Image preprocessing: In this part, we first streamed live video as FPS images and later converted it to grayscale.
Image separation: In this part, we segmented the image by using a superpixel algorithm (Achanta et al., 2012; Zhang, Malmberg & Sclaroff, 2019), which is the simple linear iterative clustering (SLIC) algorithm and is based on the typical k-means method in order to group pixels for conventional color areas. SLIC superpixels are made based on two criteria: one criterion is the spectral similarity (limited to 3 channels), and the second criterion is the spatial proximity.
Extracting features from an image: In this stage, the input image is portioned to make it perceptually homogeneous and obtain tiny features by using two algorithms: the Boolean Map Saliency algorithm (BMS) (Zhang, Malmberg & Sclaroff, 2019) and applied LG (Local + Global).
Create index tree: Along with superpixels, a particular index tree is generated to encode the construction information through hierarchical separation.
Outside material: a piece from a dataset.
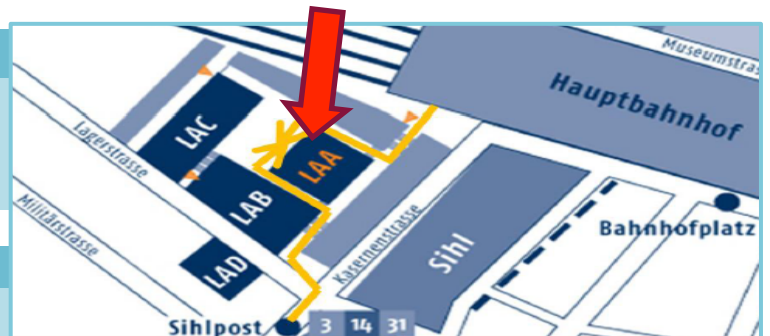
Wegbeschreibung zur Pädagogischen Hochschule

Kosten je Abend mit drei Referaten: CHF 25.-- für Mitglieder CHF 30.-- für Nichtmitglieder

Consequently, we first calculate the gain of every surrounding patch by obtaining the 1st- and 2nd-order reachable matrix (Peng et al., 2016).
Recombining: In this part, we recombine all the patches and execute context-based propagation to obtain the final saliency map.
Recognition: The CNN is applied to recognize the separated features and classify the specified objects in the saliency map.

These images are then annotated and stored in XML format. Then, this XML file is transformed into CSV format and then transformed into TF data that will be input into the deep learning framework. After the TF data have been generated, the training phase is started.

Modeling with MobileNet and Faster RCNN

Transfer learning is used to build appropriate models while reducing the time consumption. In this work, pretrained models are used to execute transfer learning. Due to the high computational costs of training complex models, it is a regular practice to import and use existing models (e.g., VGG 16 (Simonyan & Zisserman, 2015), Inception (Szegedy et al., 2014; Szegedy et al., 2015) or MobileNet (Howard et al., 2017)). In this work, we utilized MobileNet as a feature extractor.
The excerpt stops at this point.